Sontak narasi yang dilontarkan Dempo mendapat kritikan hingga kecaman dari berbagai pihak termasuk Kubu Petahana. Salah satunya Harmen Kamarsyah, yang menilai ujaran Dempo tersebut begitu tendensius dan tidak menghargai perjuangan sembilan gubernur terdahulu, termasuk Gubernur Bengkulu saat ini.

Sah-sah saja mengkritisi, mengecam, atau bahkan ramai-ramai menghujat wakil rakyat kita itu. Tapi rasa-rasanya kurang afdol jika kritikan, kecaman, dan hujatan itu tanpa melalui proses tabayyun terlebih dahulu.

Begitu juga dalam konteks kerja-kerja Jurnalistik, Pasal 3 Kode Etik Jurnalistik (KEJ) menyebutkan “Wartawan Indonesia selalu menguji informasi, memberitakan secara berimbang, tidak mencampurkan fakta dan opini yang menghakimi, serta menerapkan asas praduga tak bersalah.”

Korelasi antara proses tabayyun dan Pasal 3 KEJ adalah bagaimana menjernihkan makna di balik kata ataupun narasi yang dikemukakan. Penting untuk mengetahui makna dan pesan tersirat yang terkandung di balik kata ‘Kehancuran Bengkulu’.

Sebab mungkin saja Dempo melihat potensi kehancuran itu. Masih hangat di ingatan kita peristiwa pembunuhan yang melibatkan pasangan Homo di Desa Susup Kecamatan Merigi Sakti Kabupaten Bengkulu Tengah Mei lalu. Bisa saja ini menjadi salah satu alat pertimbangan Dempo mengeluarkan pernyataan itu.

Pembunuhan itu mengungkap fakta bahwa ada kaum LGBT di Bengkulu. Sebelumnya ada kasus oknum guru SD swasta di Kota Bengkulu yang mencabuli dua muridnya sendiri, dan itu murid sejenis. Di mana juga mengungkap prilaku seks menyimpang. Belum lagi sederet kasus lainnya.

Fenomena LGBT tersebut tidak kita ketahui seperti apa sebarannya.
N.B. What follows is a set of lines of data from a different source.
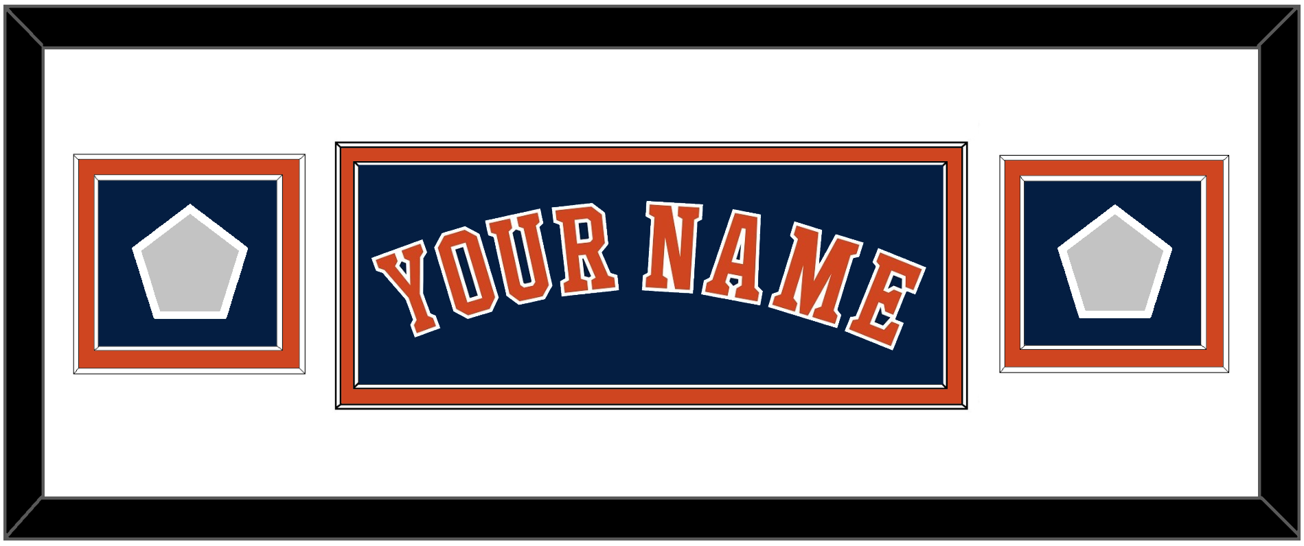 Houston Alternate Blue Jersey Name With 2017 & 2022 World Series Jersey Patches. Double Mat Cut: White Mat Over An Orange Mat. Orange Name & Patches Mounted On A Blue Mat. Black Frame.
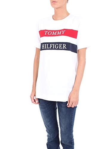 Tommy Hilfiger Da Donna Cotone Biologico lula Crew Collo t-Shirt Bianco XS
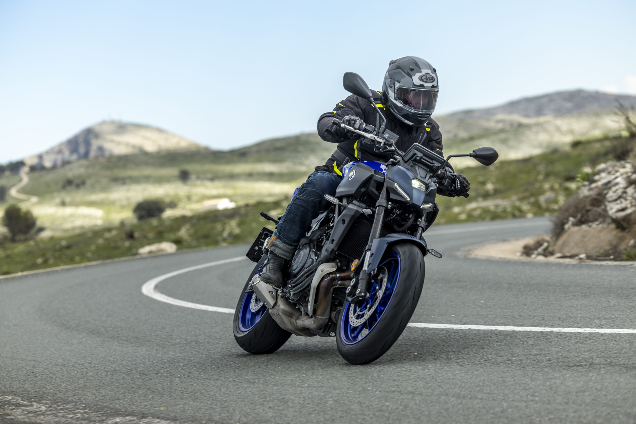 Les premières séries de virage arrivent, je passe en mode Sport. Comme attendu, la réponse à la poignée de gaz est plus directe et je profite pleinement de la nouvelle géométrie de la MT-07. L’empattement est légèrement plus court de 5 mm avec un angle de chasse passant de 24,8 à 24,3 degrés tandis que la chasse gagne 3 mm (de 90 à 93 mm). Ces valeurs semblent faibles dans l’absolu mais elles jouent inévitablement sur le comportement de la machine, qui gagne dans ce cas en maniabilité. En même temps, la stabilité à grande vitesse ne perd rien de sa superbe. Les grandes courbes s’enchaînent tambour battant. Les pneumatiques Dunlop Sportmax Q5A tiennent également leur rang. Le CP2 tracte de manière continue et la partie-cycle suit sans broncher. Les freinages plus appuyés sur l’avant sont toujours contrôlables en toute circonstance.
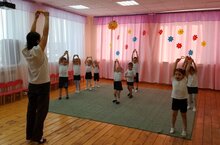 Утренняя гимнастика с погремушками в средней группе.
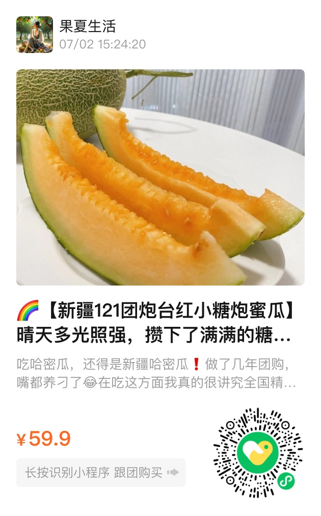 总结: 新疆121团的红小糖炮蜜瓜,甜得磅礴却温柔,像戈壁落日下的一首慢诗。它的脆与糯、香与甜,都是天地写就的韵脚,尝过才懂,有些滋味,注定要长在常年晴朗的地方。
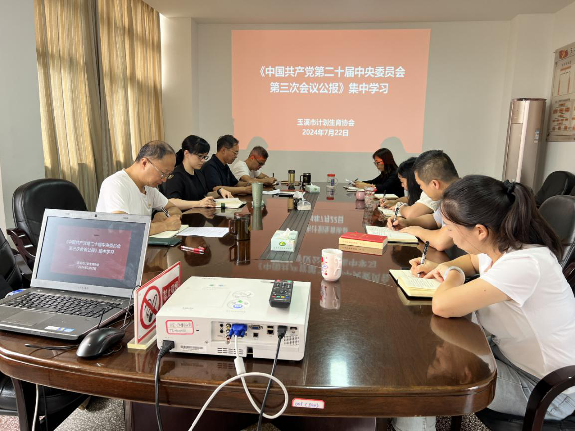 7月22日,玉溪市计生协组织集中学习《中国共产党第二十届中央委员会第三次全体会议公报》。会议由常务副会长张希也主持,干部职工参加,党组成员、副会长、支部书记矣成江原文领学公报内容。
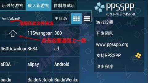 点击图标进入ppsspp模拟器,找到存放游戏的文件夹,默认在sdcard(内置卡,有些手机是sdcard1 sdcard2区分内外卡)
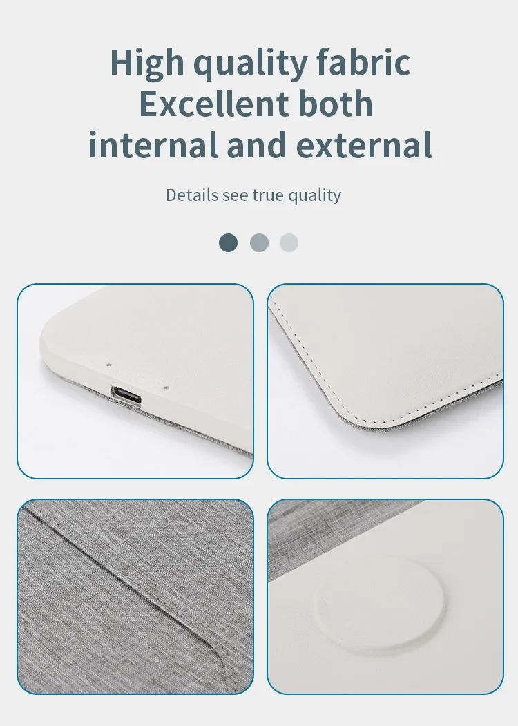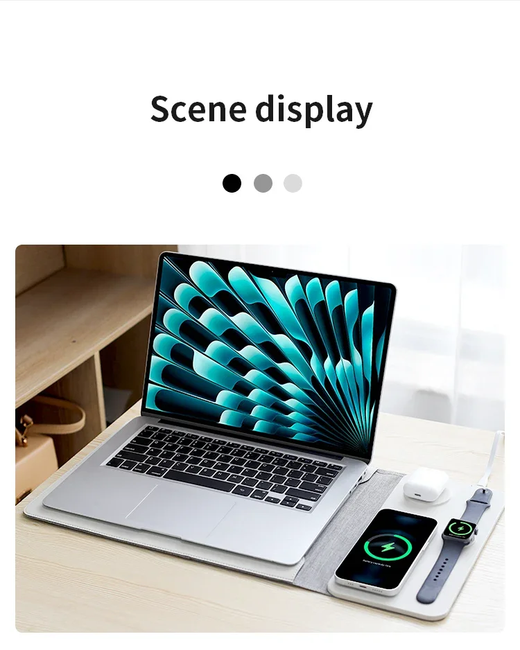 - Multi-Function Design – Laptop sleeve + mouse pad + 3-in-1 wireless charger.

Masih ingat kisah Allah SWT mengazab Kaum Sodom?

Lantas apakah Dempo menjadikan hal ini sebagai salah satu faktor hingga mengeluarkan statement ‘Kehancuran Bengkulu’? Wallahualam. Atau bisa jadi mantan Aktivis Mahasiswa itu punya alasan-alasan dan dasar pemikiran sendiri terhadap apa yang ia ucapkan. Dan itu penting untuk diketahui, agar menjadi bahan diskusi bersama, yang kemudian melahirkan solusi untuk Bengkulu.

Poinnya, narasi yang dibangun Dempo berdiri tunggal, tanpa rujukan siapa individu atau kelompok yang akan menghancurkan Bengkulu. Juga tanpa penjelasan, kenapa Bengkulu akan hancur. So, Jangan Baper … !!!